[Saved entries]

=======

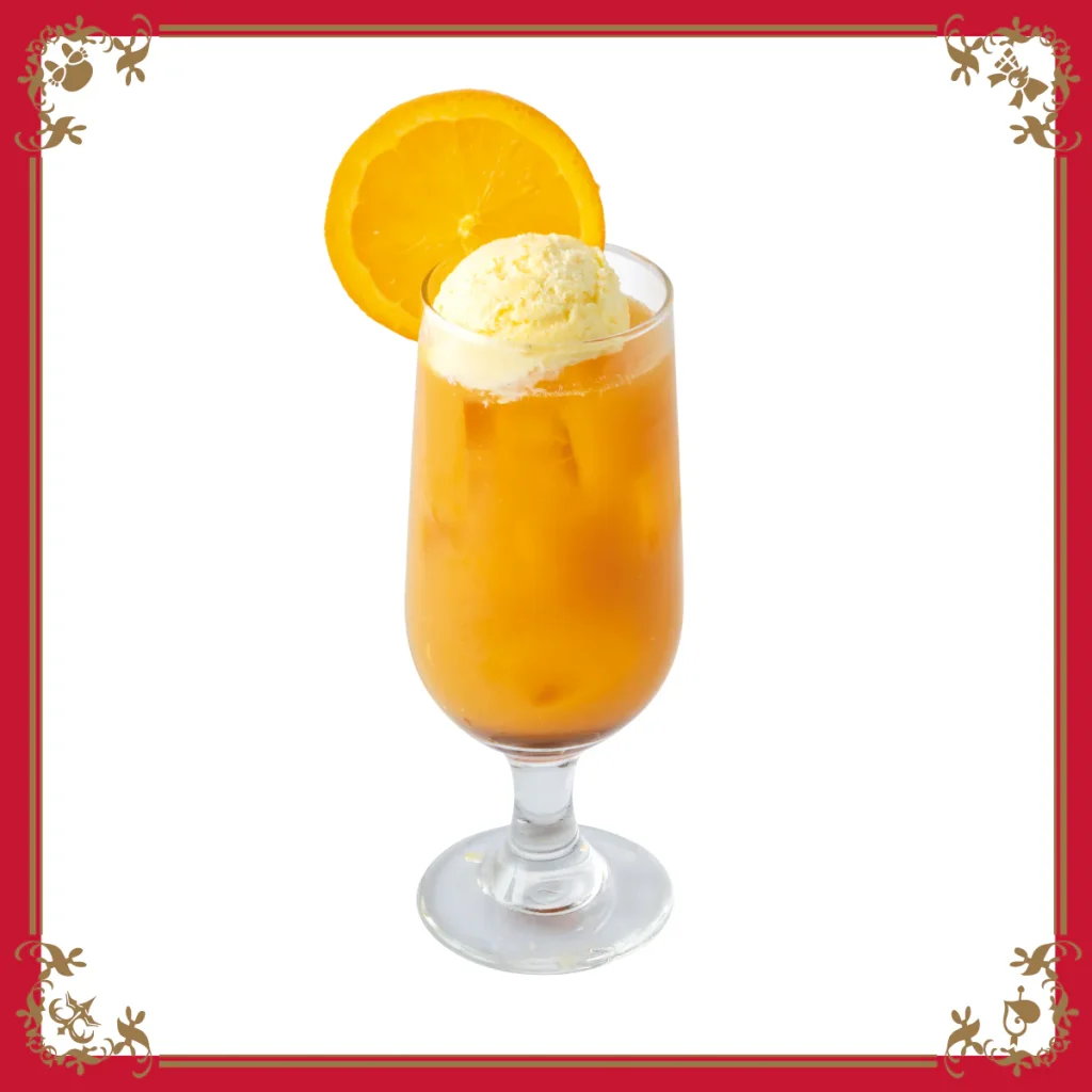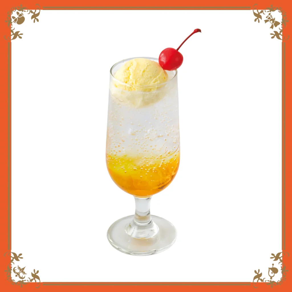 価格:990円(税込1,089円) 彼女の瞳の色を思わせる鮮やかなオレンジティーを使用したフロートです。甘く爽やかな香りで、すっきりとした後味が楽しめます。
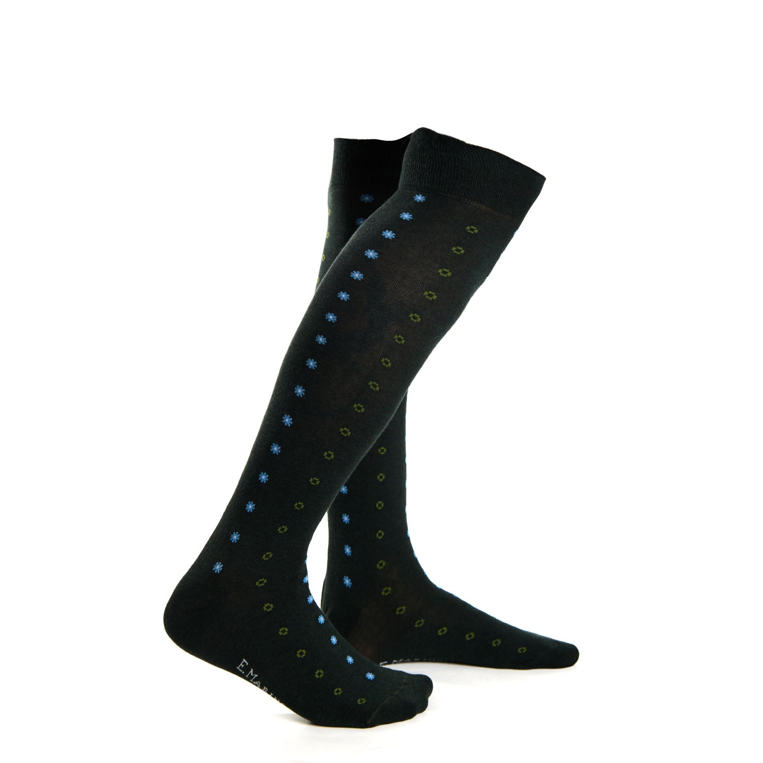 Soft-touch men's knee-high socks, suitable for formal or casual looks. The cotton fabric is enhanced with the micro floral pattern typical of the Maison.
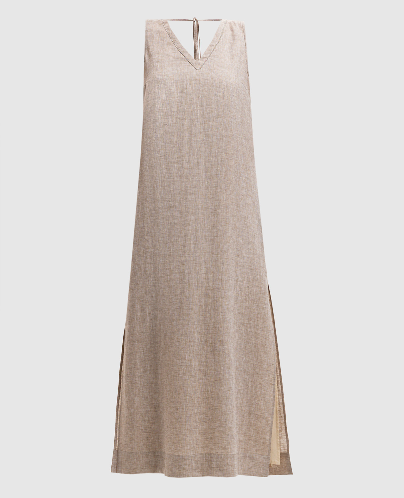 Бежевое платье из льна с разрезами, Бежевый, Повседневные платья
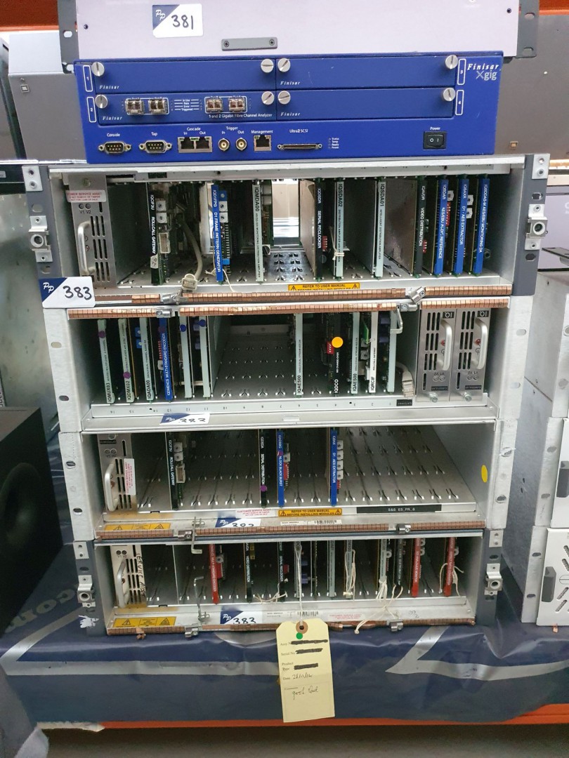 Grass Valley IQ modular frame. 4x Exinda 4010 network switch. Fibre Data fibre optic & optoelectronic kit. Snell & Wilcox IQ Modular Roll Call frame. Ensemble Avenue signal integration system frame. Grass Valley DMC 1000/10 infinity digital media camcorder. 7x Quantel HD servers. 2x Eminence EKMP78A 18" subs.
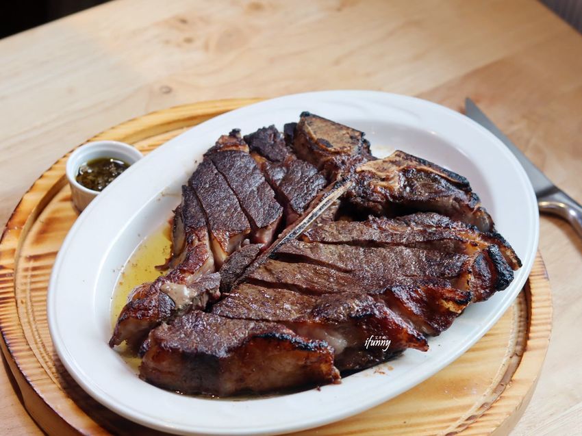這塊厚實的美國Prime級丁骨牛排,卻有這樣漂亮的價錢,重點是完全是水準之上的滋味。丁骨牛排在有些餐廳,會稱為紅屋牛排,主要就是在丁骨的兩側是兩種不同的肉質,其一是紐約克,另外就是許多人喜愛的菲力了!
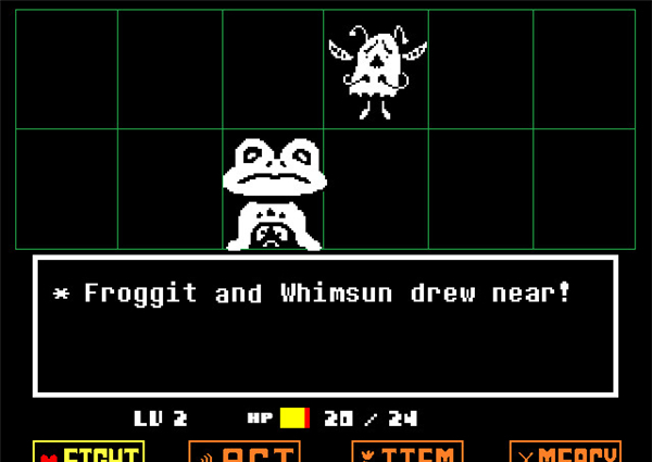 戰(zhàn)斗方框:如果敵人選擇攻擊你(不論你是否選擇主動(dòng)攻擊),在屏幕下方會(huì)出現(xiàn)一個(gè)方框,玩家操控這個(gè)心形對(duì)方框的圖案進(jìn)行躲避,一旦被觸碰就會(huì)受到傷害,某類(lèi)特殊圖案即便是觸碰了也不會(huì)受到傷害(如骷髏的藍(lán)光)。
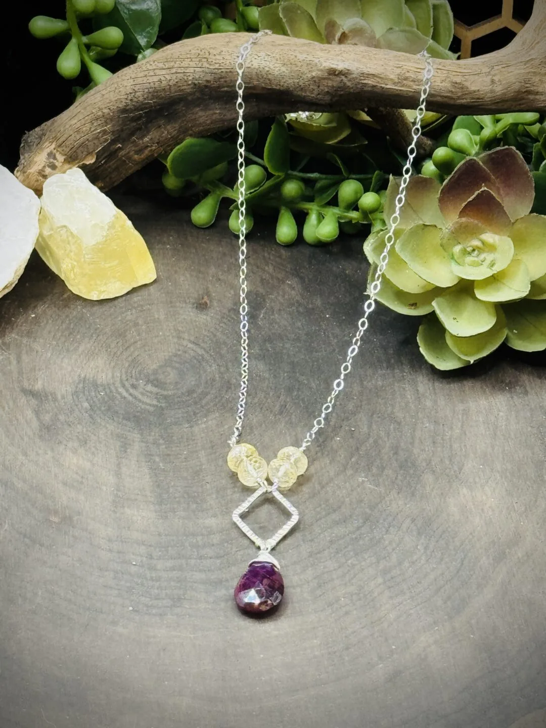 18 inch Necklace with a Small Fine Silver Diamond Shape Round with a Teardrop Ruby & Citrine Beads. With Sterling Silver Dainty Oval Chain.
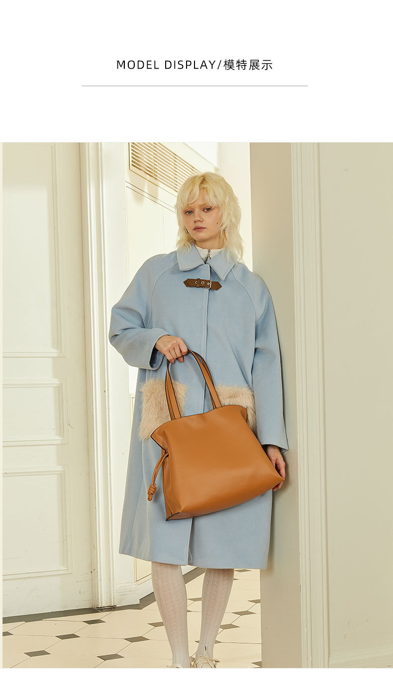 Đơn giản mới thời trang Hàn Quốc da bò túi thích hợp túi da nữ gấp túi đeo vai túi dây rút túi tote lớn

=======

AIM OF THE TASK =>
Write out again exactly the lines from the start of the data above through the line containing "Soft-touch men's knee-high", inclusive, excluding any pictures.

RESPONSE TO THE EXERCISE =>
 価格:990円(税込1,089円) 彼女の瞳の色を思わせる鮮やかなオレンジティーを使用したフロートです。甘く爽やかな香りで、すっきりとした後味が楽しめます。
 Soft-touch men's knee-high socks, suitable for formal or casual looks. The cotton fabric is enhanced with the micro floral pattern typical of the Maison.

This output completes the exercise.